Si tratta di un lavoro di sintesi, basato su fonti secondarie. Il suo principale pregio
è quello di mettere a frutto la più recente storiografia sull’argomento, per raccontare una
storia che al lettore italiano risulterà piuttosto nuova, certo più articolata di quella di solito raccontata. Di questa produzione storiografica, ricchissima, l’a. rende conto in maniera
diretta nell’introduzione; le sue tracce si ritrovano poi in tutto il testo. Il testo presenta un
percorso cronologico nella prima parte, e un percorso tematico (reti interrazziali, leadership femminile, organizzazioni grassroots) nella seconda parte.

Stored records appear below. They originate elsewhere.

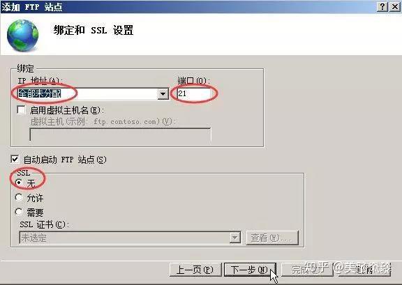 P地址选择:全部未分配,端口为21号端口(默认),SSL选择“无”,点击下一步:
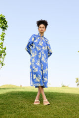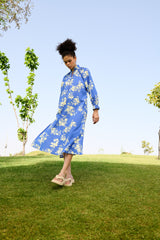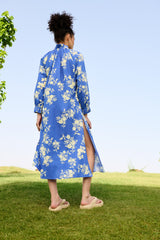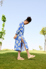 The Daisy Midi Dress is crafted from our linen cotton fabrication in our floral sky print. It has pleat detailing in the neck & sleeves with both side slits.
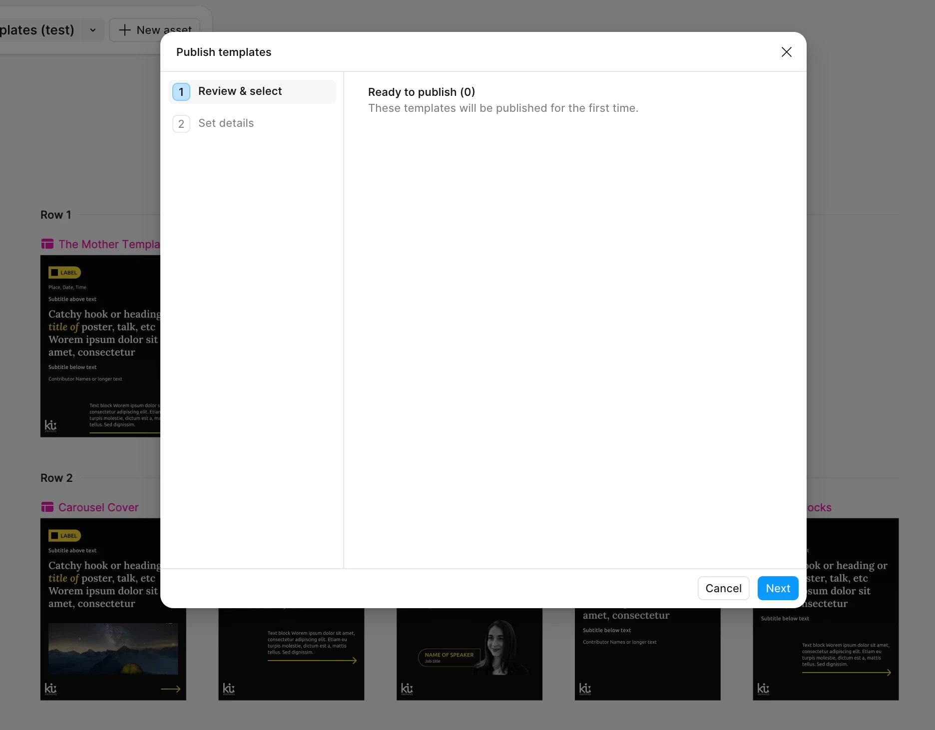 I’m trying to publish a set of templates in Buzz, but they don’t show up under “ready to publish” (see screenshot).
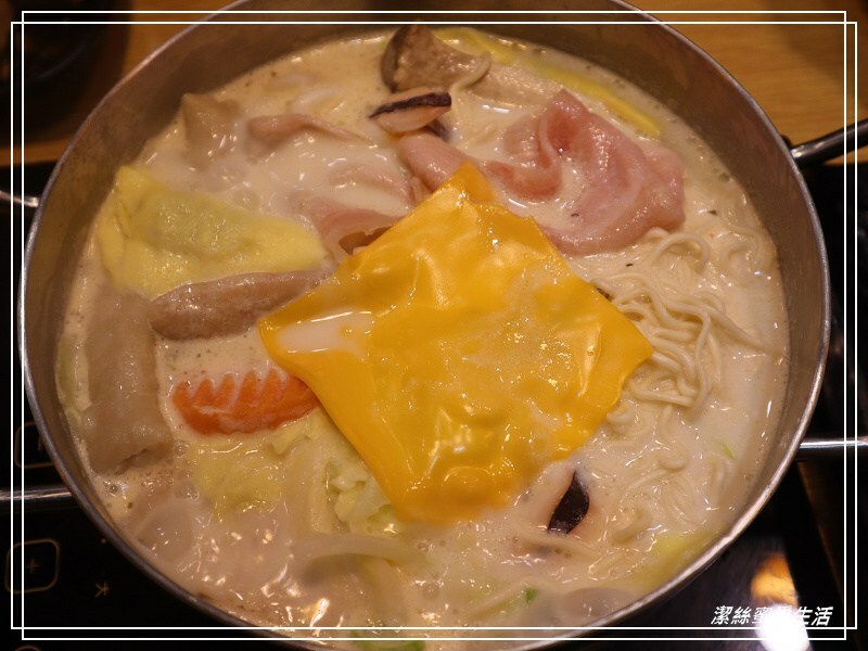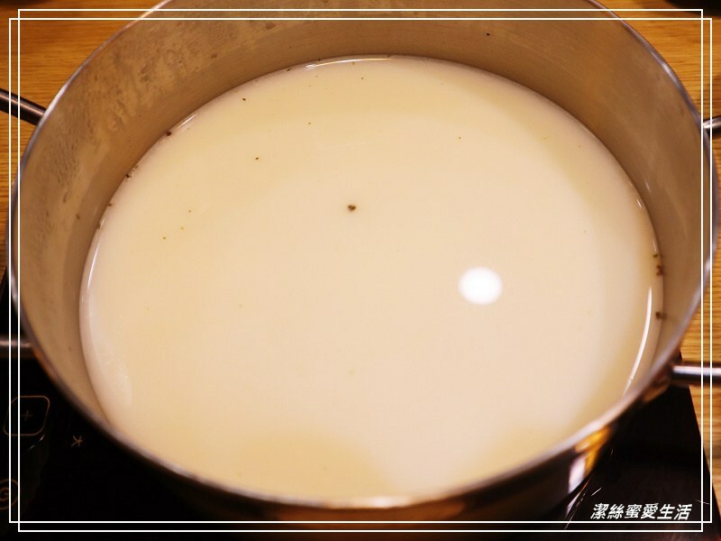 牛奶鍋會附一個起司片,加進去湯裡更加濃稠啦,蜜蜜不是一個愛喝牛奶的人,但這樣的起士牛奶湯頭我很喜歡!
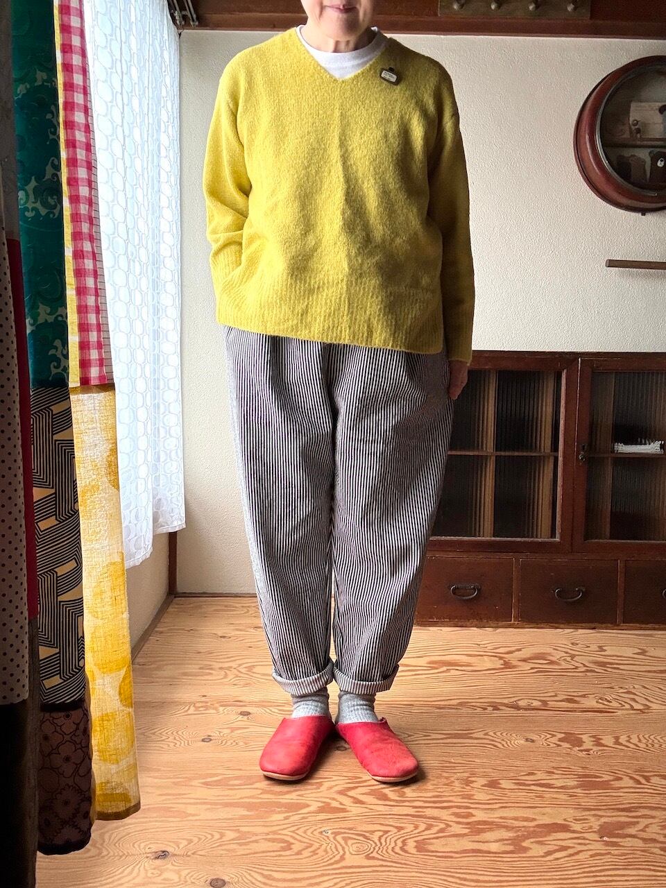 ちょいサルエルテーパードパンツ/ヒッコリーストライプ黒・グリーン
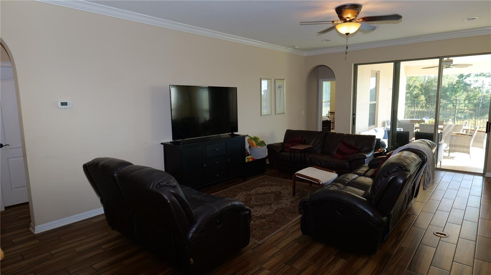Welcome to this stunning custom pool home built in 2016 and perfectly situated with no rear neighbors in the highly desirable Reserve at Lake Minneola community! This Beautiful 5 bedroom, 3.5 bathroom residence offers two spacious master bedrooms , one conveniently located on first floor with full wheelchair accessibility and another upstairs providing additional privacy and comfort ideal for multi generational living or guest privacy. Step inside to find an open concept design filled with natural light, high coffered ceilings, and elegant wood look tile flooring. The gourmet kitchen features a large island, granite countertops, stainless steel appliances, a huge walk-in pantry, and plenty of cabinet space perfect for entertaining and family gatherings.The downstairs primary suite includes a luxurious bath with dual sinks, granite counters a stand-up shower, and garden tub. Upstairs, the second suite boasts its own walk-in closet and double sink bath, plus additional bedrooms and a loft/flex space.Enjoy Florida living at its best with a covered patio, pool, and metal safety fence, surround by a beautifully maintained yard and tranquil privacy. Residents of The Reserve at Lake Minneola enjoy access to a community pool,playground, and low HOA fees all just minutes from shopping, dining, top rated schools and major highways for easy commuting. Schedule your private showing today and experience the perfect blend of comfort, style and location!!!

Talvolta i rinvii tematici da
un capitolo all’altro, dalla prima alla seconda parte possono essere faticosi.
La nuova storiografia illumina lotte, strutture di base, biografie di militanti rimaste
nascoste nel cono d’ombra di King, della sua enorme visibilità, della sua tragica fine, della
sua santificazione postuma. Non che King non fosse importante, lo era, eccome. Era un
eccellente mobilitatore, capace di coinvolgere molte persone in eventi radicali e sovversivi,
di immediato impatto drammatico sulla comunità nera e sul sistema mediatico bianco.
Era un eccellente leader carismatico capace di tenere insieme, a lungo, anime politiche e
sociali diverse, mediando diversità e rivalità. Ma non era un organizzatore. Questo lavoro
locale e di lunga lena, che rendeva possibile ed efficace il suo, era di altri. Come disse
qualcuno, «fu il movimento a fare Martin, piuttosto che Martin a fare il movimento».
Una lettura «dal basso» consente di portare in primo piano (e l’a. lo fa bene) nuovi
aspetti, nuovi problemi. Ne enuncio due. C’è il tema della continuità storica delle culture
di resistenza, che dal primo ’900 si trasferiscono attraverso le generazioni, si sedimentano in
una varietà di organizzazioni, e lasciano eredità senza le quali l’esplosione degli anni ’50-60
sarebbe impensabile. E c’è il tema della complessità delle comunità nere, che producono reti
locali di leadership assai variegate, dai pastori colti e middle-class delle Chiese protestanti a
donne e uomini con poca istruzione formale ma grande sapienza e determinazione politica.
Si ripete qui il miracolo dei genuini movimenti popolari: sarte, mezzadre, ferrovieri, che
diventano agguerriti leader naturali senza i quali il Dr. King sarebbe impensabile.